Lyndon B. Johnson: biography
The 36th US President Lyndon B. Johnson took responsibility for the country immediately after the tragic death of John F. Kennedy. For four years, the politician successfully fought poverty, crime, racial and religious discrimination, but lost the battle with the Vietnamese and his own health.
Childhood and youth
Lyndon Baines Johnson was born on August 27, 1908, in a farmhouse near Stonewall, Texas, and became the oldest of five children born to Samuel Ealy Johnson Jr. and Rebekah Baines. Later the family had Sam Houston Johnson, Rebekah, Josefa, and Lucia. The boy had English, German, and Ulster Scots ancestry.
Johnson was a talkative child, back in school, he participated in public speeches, debates, played baseball, did well on all the subjects. Natural curiosity and flexibility of mind allowed Lyndon in 1923 to become the youngest student of Johnson City High School.
His parents insisted that their son should go to College early. In 1926, the future President of the United States enrolled at SWTSTC (now Texas State University), and two years later he paused his studies to teach Mexican–American children to read and write.
Johnson later recalled:
"I remember even yet the pain of realizing and knowing then that college was closed to practically every one of those children because they were too poor. And I think it was then that I made up my mind that this nation could never rest while the door to knowledge remained closed to any American."

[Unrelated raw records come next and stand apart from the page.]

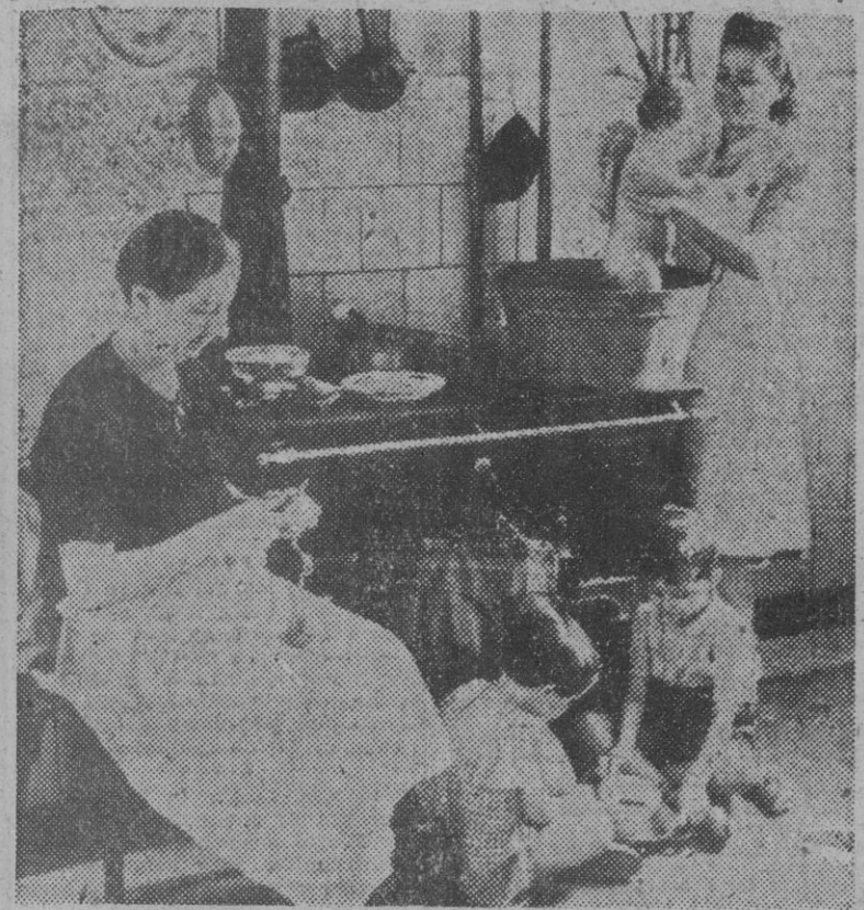
Mientras la dueña de una casa modesta atiende los quehaceres habituales de su hogar, una cumplidora del Servicio Social cuida con esmero del más pequeño de sus habitantes.
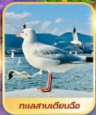
ทะเลสาบเตียนฉือ
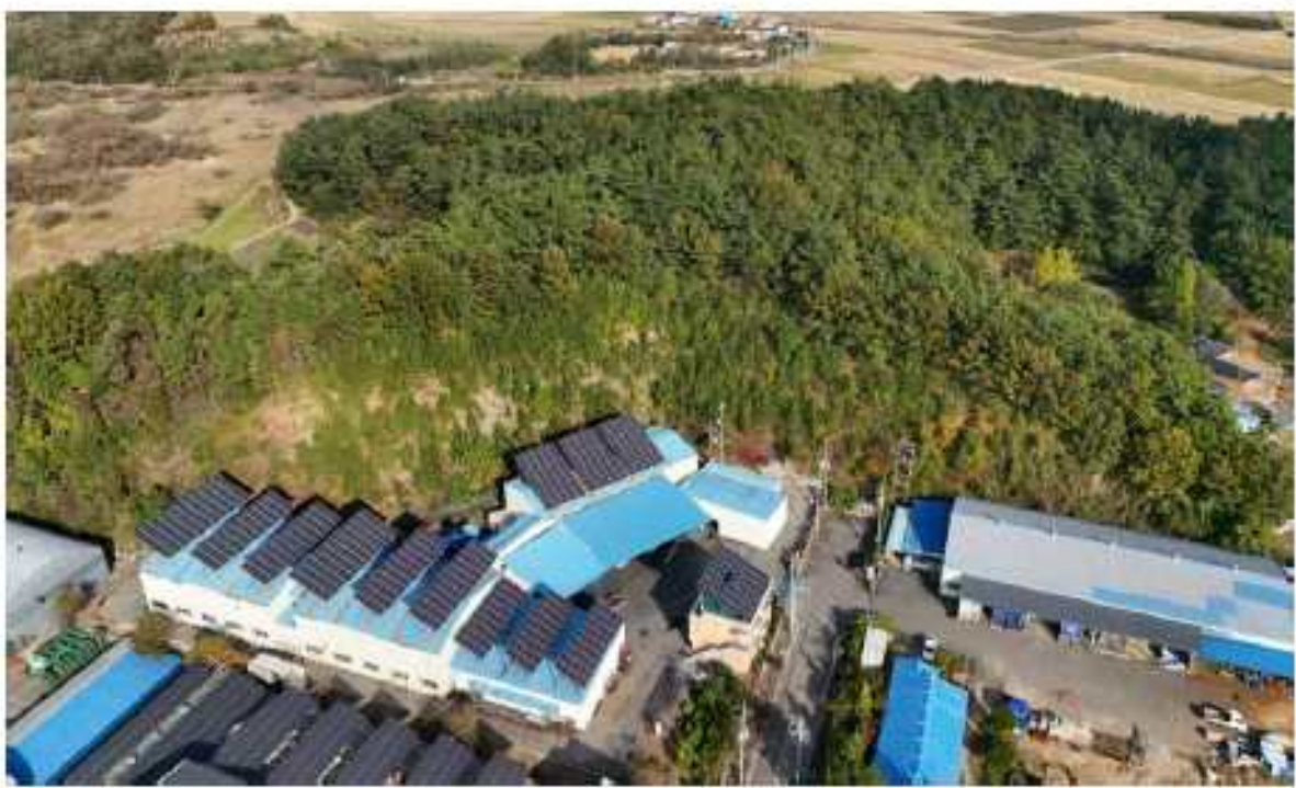
현 장 사 진
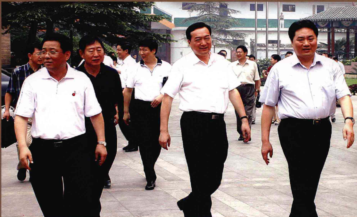
省委副书记陈全国(右二)在郑煤集团视察工作
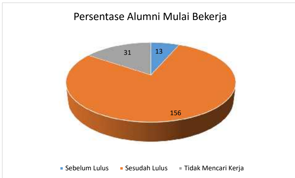
Gambar1: Transisi Mulai Bekerja

Alumni yang memperoleh pekerjaan terbagi menjadi : (1) Alumni bekerja sebelum lulus kuliah, yakni 8%, (2) Alumni bekerja setelah lulus kuliah (92%) dan (3) Alumni bekerja tetapi tidak perlu mencari pekerjaan (18%).

A part-time job helped Lyndon save money to pay the University fees. The young man received his diploma in 1930. The eloquence skills he learned in his youth provided him with a job as a teacher of public speaking at Sam Houston High School in Houston and later in the United States House of Representatives.
Congressman Richard M. Kleberg appointed Lyndon B. Johnson as his legislative secretary in 1931. The position attracted the young man not so much by the range of duties as by the abundance of acquaintances: the assistants to the president, Franklin D. Roosevelt, Vice President John Nance Garner, and Congressman Sam Rayburn became his friends.

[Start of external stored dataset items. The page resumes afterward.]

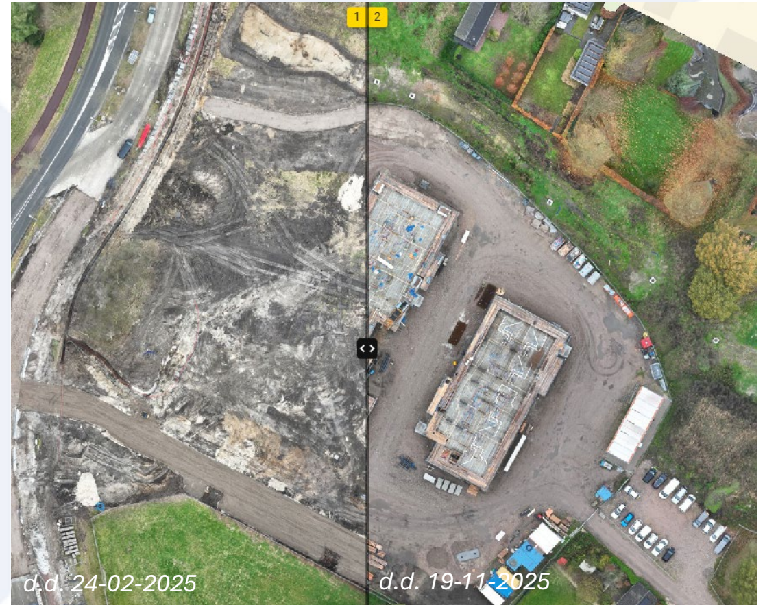
Vergelijk van het terrein per datum.

Deze informatie kan later altijd worden teruggehaald en vergeleken.
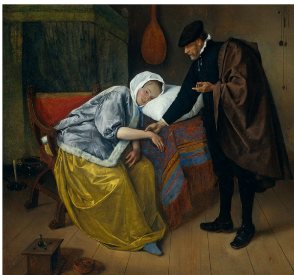
Ян Стен. Больная и врач. Конец 1650-х - начало 1660-х гг. Амстердам, Рийкс музей

Здесь не врач должен помочь. Но она не может опуститься до незаконной связи с мужчиной, а женихи почему-то не толпятся у входа. А может быть это вдовушка в расцвете лет? Мы ведь ничего не знаем, кроме того, то нарисовано и то, как названа картина.
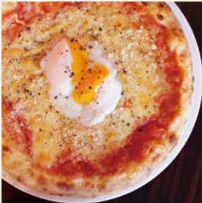
卵とベーコンのビスマルク
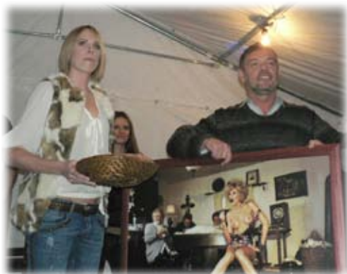
Licitátor dražby fotografie dokázal přítomně vyhecovat na neuvěřitelných 176 000 Kč
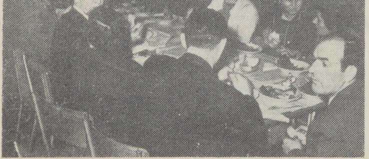
Φωτογραφία από τή βραδιά των κολχόζνικών μας

Τό βράδι του περασμένου Σαββάτου τά μέλη του αγροτικού συνεταιρισμού «Ειρήνη» του χωριού Μπελογιάννης, μαζί με τίς οικογένειές τους και τούς πιό κοντινούς φίλους τους πανηγύρισαν σάν μιά αγαπημένη οικογένεια τίς επιτυχίες του συνεταιρισμού τους στον περασμένο χρόνο. Η δημοφής γιορτή έγινε στήν αίθουσα κουλτούρας του χωριού, πού από νωρίς είχε προετοιμαστεί κατάλληλα. Στίς 7 ή ώρα τά μέλη του συνεταιρισμού και οι προσκαλεσμένοι τους, ανάμεσα σ' αυτούς και εκπρόσωποι των οργανώσεων του χωριού μας και τής Ε.Ε. του Κ. Σ. του Συλλόγου μας, πήραν τίς θέσεις στά καλοστραμένα τραπέζια και ή βραδιά άρχισε με πλούσιο φαγοπότι και μέ ελληνική μουσική. Πέντε καλομαγειρεμένα γουρουνία και κάμποσες εκατοντάδες μπουκάλια μπύρα, μαζί με τή μουσική δημιουργήσαν τήν κατάλληλη άτμόσφαιρα. Μετά τό δείπνο άρχισε ό χορός. Χόρευαν όλοι με καλό κέφι ελληνικούς και εθνοπαϊκούς χορούς. Καί από τούς ελληνικούς χορούς δέν έλειπαν και οι Ούγγροι κολχόζνικοι.
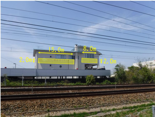
写真①：東側から望む(遠景)
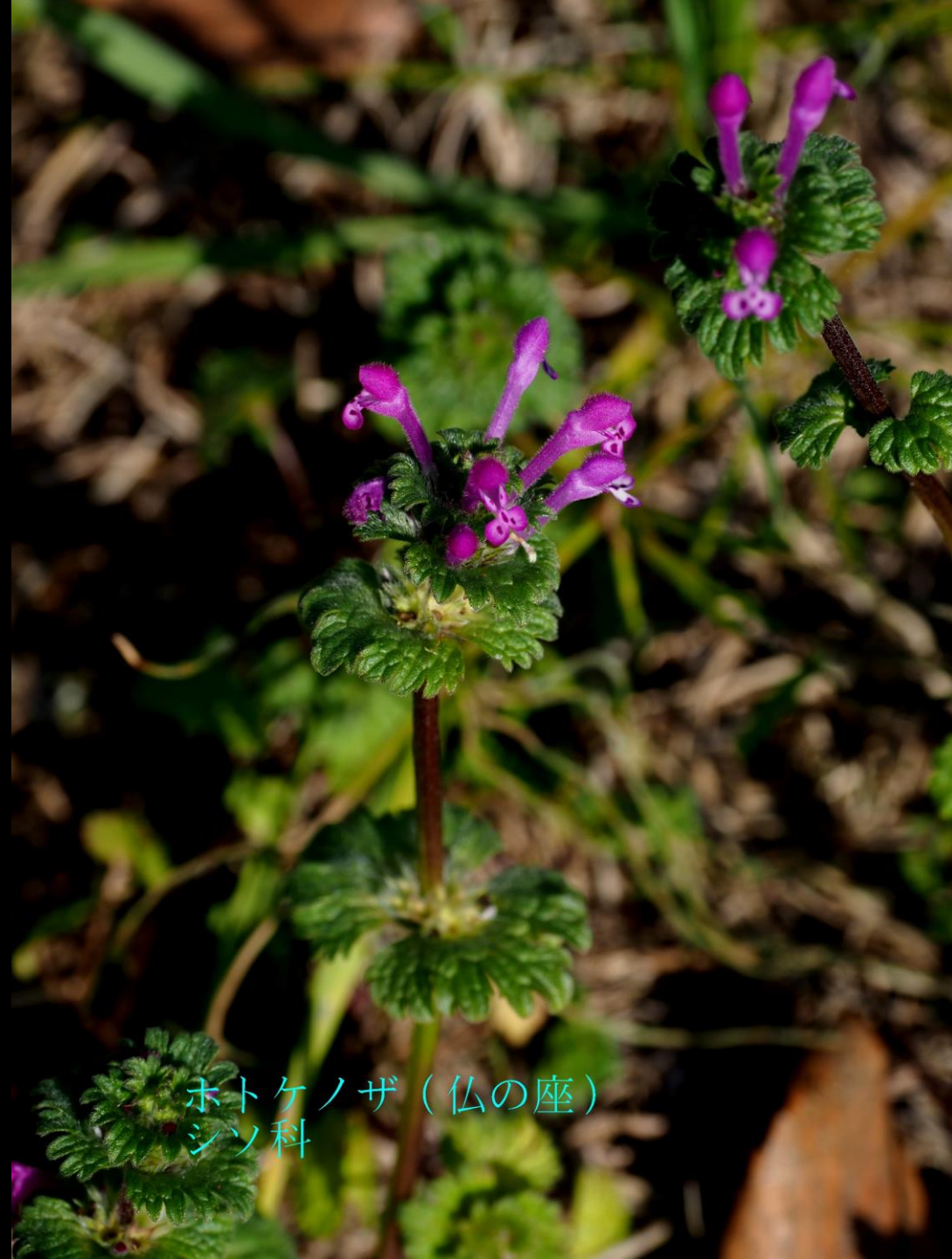
ホトケノザ（仏の座） シソ科
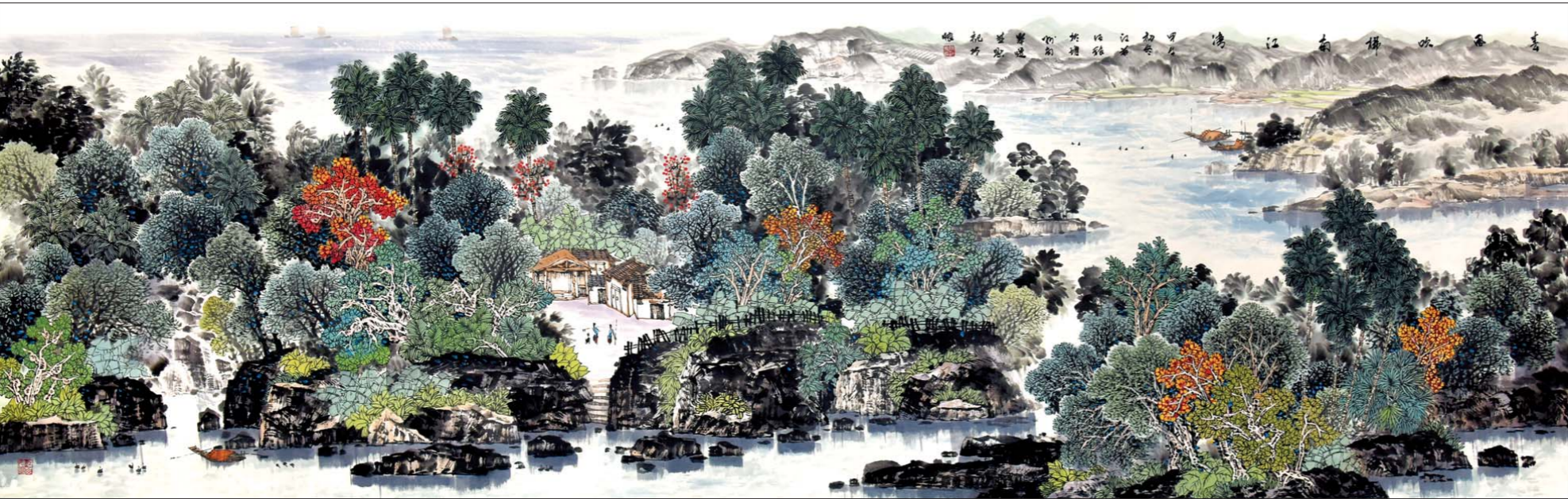
阮江华 春风吹拂南江湾 310cm x 97.5cm

由大众报业集团、海南日报报业集团、山东省文联、海南省文联、山东省美协、海南省美协共同主办，山东新闻书画院承办的“写意海之南——阮江华山水画全国巡展(济南)”于11月21日上午10点在山东新闻美术馆隆重开幕。此次展览的举办

Johnson was successfully elected to the United States House of Representatives in 1937. In domestic policy, he supported Roosevelt's New Deal, which could not escape the eyes of the president: Lyndon was appointed to lead Operation Texas, the aim of which was to relocate European Jews to Texas, USA, away from Nazi persecution in Germany. Johnson personally helped hundreds of Jews to enter the state through Cuba, Mexico, and South America.
In 1948, after a scandalous election — opponents suspected Johnson of ballot fraud, he ran for the U.S. Senate. The politician became famous for "courting" authoritative colleagues Senator Richard Russell and Sam Rayburn, whose support later helped in the presidential elections.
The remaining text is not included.